=== What you are asked to do ===
Write the listing out once more, identical to the original but without pictures.

=== Information provided ===
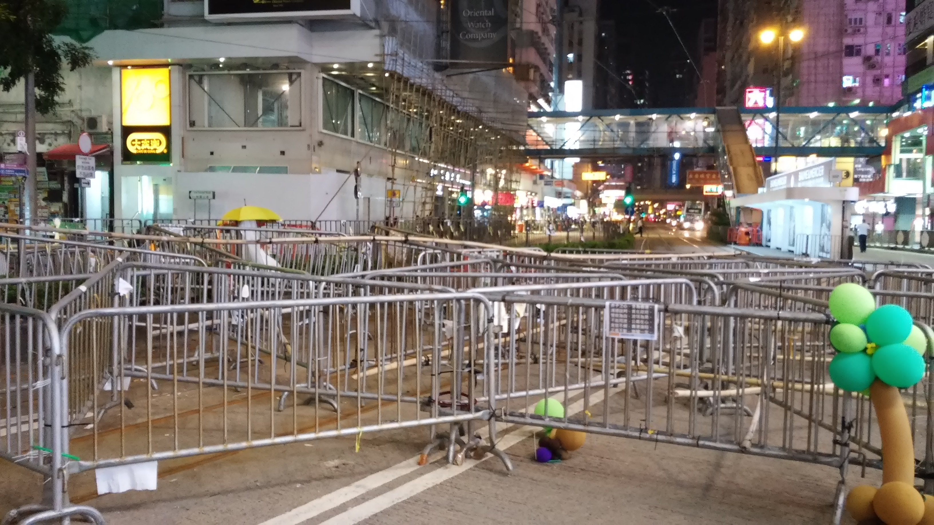 HK CWB night Hennessy Road 鐵馬陣 Oct 2014
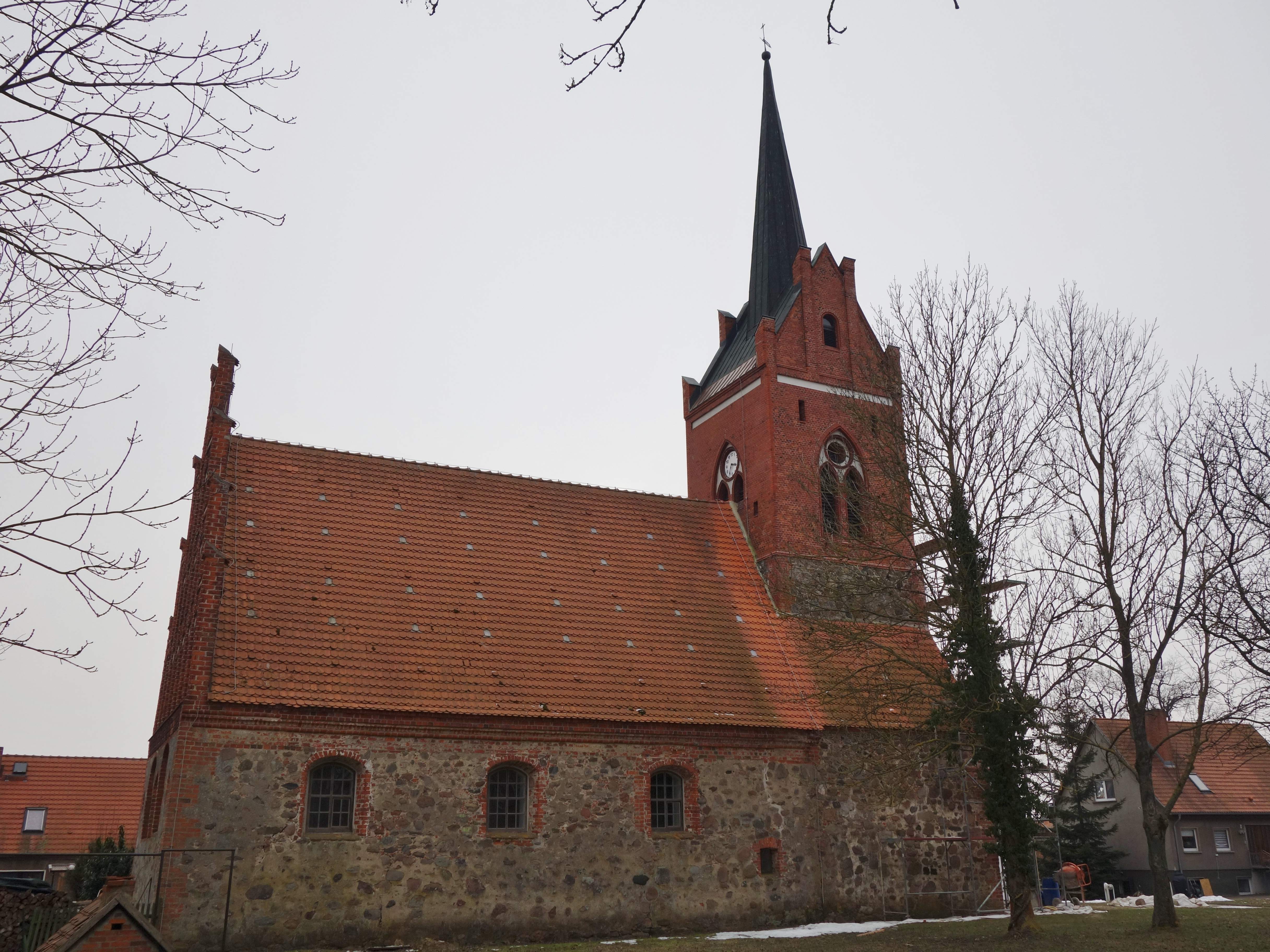 North-eastern view of church in Falkenhagen, Pritzwalk municipality, Prignitz district, Brandenburg state, Germany
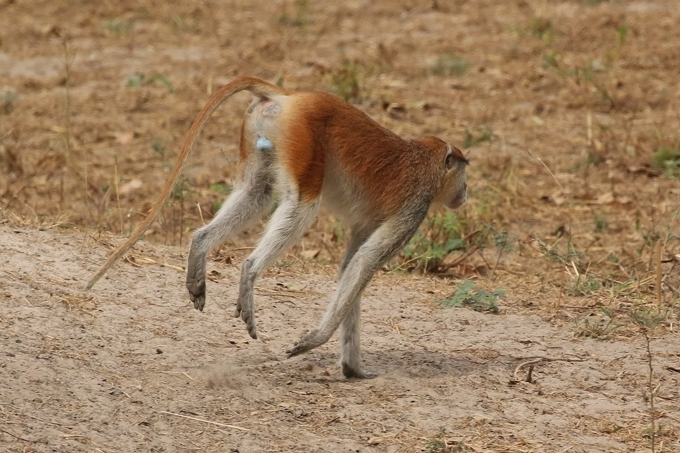 Patas monkey (Erythrocebus patas) male rear, Senegal
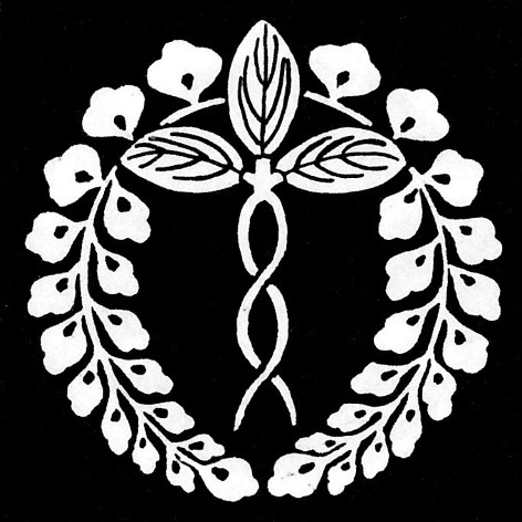 Crest of Nijô Family

=== Result of the exercise ===
 HK CWB night Hennessy Road 鐵馬陣 Oct 2014
 North-eastern view of church in Falkenhagen, Pritzwalk municipality, Prignitz district, Brandenburg state, Germany
 Patas monkey (Erythrocebus patas) male rear, Senegal
 Crest of Nijô Family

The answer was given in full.